Kevlar-based artificial cartilage mimics the magic of the real thing
The unparalleled liquid strength of cartilage, which is about 80 percent water, withstands some of the toughest forces on our bodies. Synthetic materials couldn’t match it – until the “Kevlartilage” developed by researchers at the University of Michigan and Jiangnan University.
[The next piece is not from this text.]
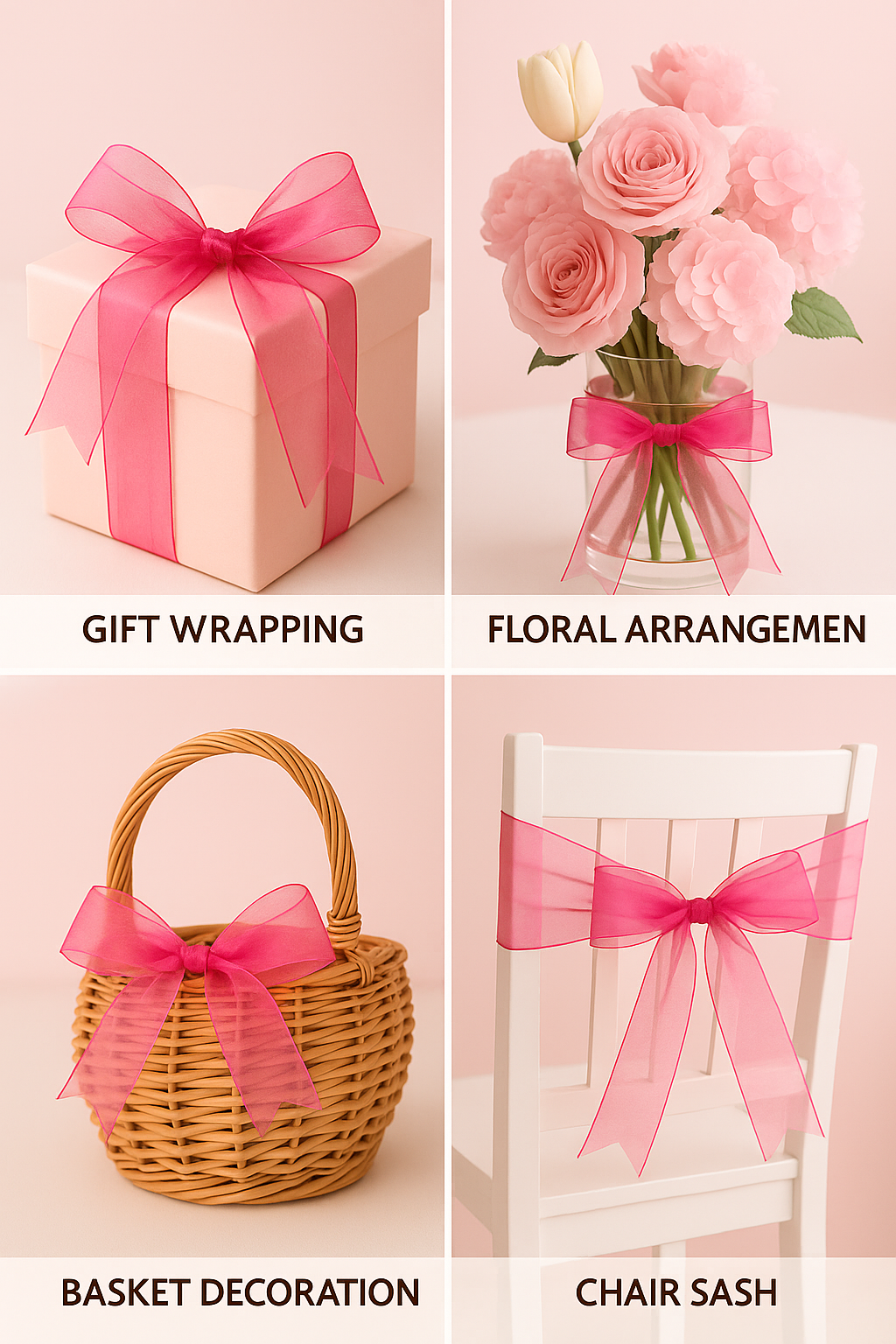 Pink-Solid Pink-Orange-Gold Satin Ribbon - Easy-Cut Gift Packaging Essential Perfect for Gift Wrapping!

“We know that we consist mostly of water – all life does – and yet our bodies have a lot of structural stability,” said Nicholas Kotov, the Joseph B. and Florence V. Cejka Professor of Engineering at U-M, who led the study. “Understanding cartilage is understanding how lifeforms can combine properties that are sometimes unthinkable together.”
Many people with joint injuries would benefit from a good replacement for cartilage, such as the 850,000 patients in the US who undergo surgeries removing or replacing cartilage in the knee.
While other varieties of synthetic cartilage are already undergoing clinical trials, these materials fall into two camps that choose between cartilage attributes, unable to achieve that unlikely combination of strength and water content.
Understanding cartilage is understanding how lifeforms can combine properties that are sometimes unthinkable together.Nick Kotov
The other synthetic materials that mimic the physical properties of cartilage don’t contain enough water to transport the nutrients that cells need to thrive, explained Kotov. Meanwhile, hydrogels – which incorporate water into a network of long, flexible molecules – can be designed with enough water support the growth of chondrocytes, cells that build up natural cartilage. Yet those hydrogels aren’t especially strong, tearing under strains a fraction of what cartilage can handle.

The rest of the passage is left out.